SUPPLIED DATA>

- - -

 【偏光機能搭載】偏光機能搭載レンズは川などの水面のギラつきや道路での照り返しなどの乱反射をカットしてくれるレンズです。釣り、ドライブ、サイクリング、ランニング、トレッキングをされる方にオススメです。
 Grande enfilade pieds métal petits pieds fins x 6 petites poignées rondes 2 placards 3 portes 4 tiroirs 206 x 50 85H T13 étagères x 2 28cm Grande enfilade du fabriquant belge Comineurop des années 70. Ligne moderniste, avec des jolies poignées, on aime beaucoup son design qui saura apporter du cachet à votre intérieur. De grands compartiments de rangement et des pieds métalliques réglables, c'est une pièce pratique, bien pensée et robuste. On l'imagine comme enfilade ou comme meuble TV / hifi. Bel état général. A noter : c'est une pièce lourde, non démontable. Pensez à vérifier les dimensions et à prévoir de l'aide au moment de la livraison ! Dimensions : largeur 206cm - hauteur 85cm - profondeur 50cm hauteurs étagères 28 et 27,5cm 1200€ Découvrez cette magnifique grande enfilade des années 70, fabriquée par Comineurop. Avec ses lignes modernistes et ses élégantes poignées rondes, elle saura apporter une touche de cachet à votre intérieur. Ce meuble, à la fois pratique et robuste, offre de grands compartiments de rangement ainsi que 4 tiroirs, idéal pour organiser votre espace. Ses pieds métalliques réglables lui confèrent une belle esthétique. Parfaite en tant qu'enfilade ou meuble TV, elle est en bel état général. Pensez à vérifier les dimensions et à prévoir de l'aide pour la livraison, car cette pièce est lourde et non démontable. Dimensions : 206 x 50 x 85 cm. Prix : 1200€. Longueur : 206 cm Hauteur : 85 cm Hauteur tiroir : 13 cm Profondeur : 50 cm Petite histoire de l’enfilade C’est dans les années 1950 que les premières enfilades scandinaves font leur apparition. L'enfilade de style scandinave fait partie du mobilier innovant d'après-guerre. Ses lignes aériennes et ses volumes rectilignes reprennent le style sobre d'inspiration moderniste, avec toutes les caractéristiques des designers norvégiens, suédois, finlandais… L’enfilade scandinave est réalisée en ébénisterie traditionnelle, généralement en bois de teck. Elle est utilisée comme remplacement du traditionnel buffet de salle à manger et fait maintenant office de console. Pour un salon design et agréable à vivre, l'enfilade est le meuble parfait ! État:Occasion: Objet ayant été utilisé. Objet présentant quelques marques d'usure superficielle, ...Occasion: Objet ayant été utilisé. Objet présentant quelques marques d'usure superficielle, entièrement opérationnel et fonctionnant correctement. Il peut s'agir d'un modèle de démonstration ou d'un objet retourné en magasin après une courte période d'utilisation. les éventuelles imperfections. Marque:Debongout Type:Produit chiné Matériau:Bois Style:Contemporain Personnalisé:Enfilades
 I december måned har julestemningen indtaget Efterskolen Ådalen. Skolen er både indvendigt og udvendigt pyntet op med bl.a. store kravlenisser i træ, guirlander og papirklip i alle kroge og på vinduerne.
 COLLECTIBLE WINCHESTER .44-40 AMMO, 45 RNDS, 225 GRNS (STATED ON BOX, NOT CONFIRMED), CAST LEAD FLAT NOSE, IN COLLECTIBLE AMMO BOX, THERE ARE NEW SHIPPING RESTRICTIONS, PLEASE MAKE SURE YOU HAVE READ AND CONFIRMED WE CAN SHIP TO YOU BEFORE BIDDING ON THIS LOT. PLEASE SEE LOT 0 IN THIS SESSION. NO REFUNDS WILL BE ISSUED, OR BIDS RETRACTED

- - -

ASSIGNMENT> Produce a verbatim copy of the lines from the one holding "I december måned" to the final line of the data, and nothing more.

TASK OUTPUT>
 I december måned har julestemningen indtaget Efterskolen Ådalen. Skolen er både indvendigt og udvendigt pyntet op med bl.a. store kravlenisser i træ, guirlander og papirklip i alle kroge og på vinduerne.
 COLLECTIBLE WINCHESTER .44-40 AMMO, 45 RNDS, 225 GRNS (STATED ON BOX, NOT CONFIRMED), CAST LEAD FLAT NOSE, IN COLLECTIBLE AMMO BOX, THERE ARE NEW SHIPPING RESTRICTIONS, PLEASE MAKE SURE YOU HAVE READ AND CONFIRMED WE CAN SHIP TO YOU BEFORE BIDDING ON THIS LOT. PLEASE SEE LOT 0 IN THIS SESSION. NO REFUNDS WILL BE ISSUED, OR BIDS RETRACTED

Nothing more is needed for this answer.